- U.S. Senators are exploring several options to pass the currently-stalled American Vision for Safer Transportation Through Advancement of Revolutionary Technologies (AV START) Act before the November mid-term elections.
- Multiple sources confirmed to Smart Cities Dive that lawmakers want to either have the bill pass the full Senate by unanimous consent through addressing Senators’ remaining concerns, or they might attach it to another piece of legislation that receives floor time.
- According to the office of U.S. Sen. Gary Peters’, D-MI, the bill could be tacked onto reauthorization of the Federal Aviation Administration (FAA) or something else, depending on what gets floor time. Senate Commerce Committee spokesman Frederick Hall told Smart Cities Dive in an email the committee is "looking at different possibilities for moving the AV START Act."
After passing the Senate Commerce Committee last year by a voice vote, the AV START Act has failed to make it to the floor of the full Senate, leading lawmakers to consider other maneuvers as they try and assure its passage. Earlier this year, Peters said the growth of autonomous vehicles (AVs) would help improve road safety, although their impact on the labor force requires more study, especially in areas such as trucking.
The legislation and the wider use of AVs have been the subject of worries from some Senators, including U.S. Sen. Dianne Feinstein, D-CA, who led a letter expressing concerns around their safety and implementation. Those concerns have played into the delay on the AV START Act’s passage, with several having placed a hold on the bill to prevent it moving forward. The letter calls for new safety standards, clear direction to federal regulators to analyze data on AV deployment, as well as the development of cybersecurity safeguards to protect that data.

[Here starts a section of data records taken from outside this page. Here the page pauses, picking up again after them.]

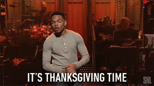 Chance The Rapper performs on SNL, celebrating Thanksgiving with the iconic phrase 'It's Thanksgiving Time'.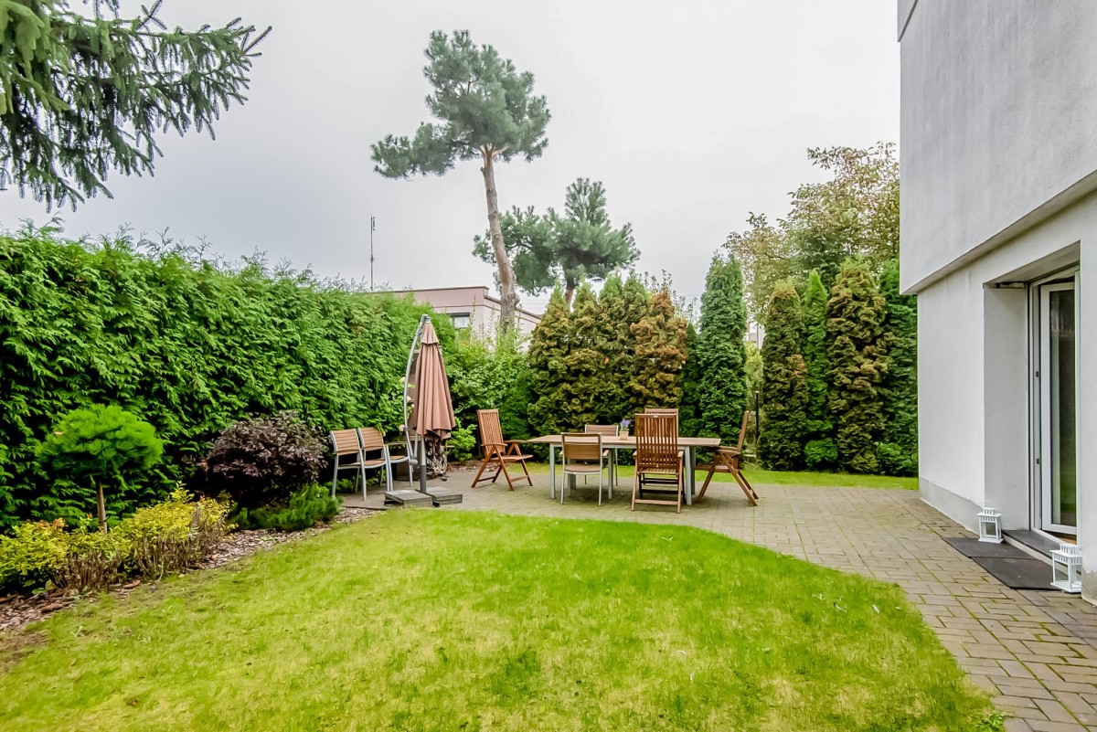 - Ogród - kameralny, w pełni zagospodarowany, z wydzieloną strefą relaksu, miejscem na grilla i placem zabaw dla dzieci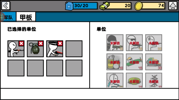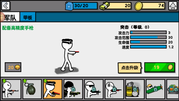 4、玩家可以利用资源对你的兵种进行解锁以及升级,提升火柴人的战斗力。

Adding the bill to legislation reauthorizing the FAA could be a difficult lift given the high profile of that legislation. But with Senate Majority Leader Mitch McConnell having canceled most of the chamber’s August recess, Peters’ office expressed hope that it can get done before November with strong support from both sides of the aisle, something Hall agreed with. "We believe the legislation will attract significant bipartisan support in any floor vote," he said. The bill has also received support from the Competitive Enterprise Institute, a nonprofit dedicated to limited government.
AVs remain a hot topic in Congress, even after the House of Representatives passed its own piece of legislation, known as the SELF DRIVE Act. Earlier this week, officials with the House Energy and Commerce Committee, where the bill passed unanimously, blasted an op-ed by organizations opposed to the bill for what it described as several "myths."
And for those in the AV space, the lack of legislative certainty is causing some headaches. At this week's Meeting of the Minds Mobility Summit in Ann Arbor, MI, Joe Boissy, chief marketing officer at traffic and weather technology company Iteris said there needs to be clearer direction. "There is a lot of uncertainty, a lot of dichotomy today," he said during a panel discussion at the event.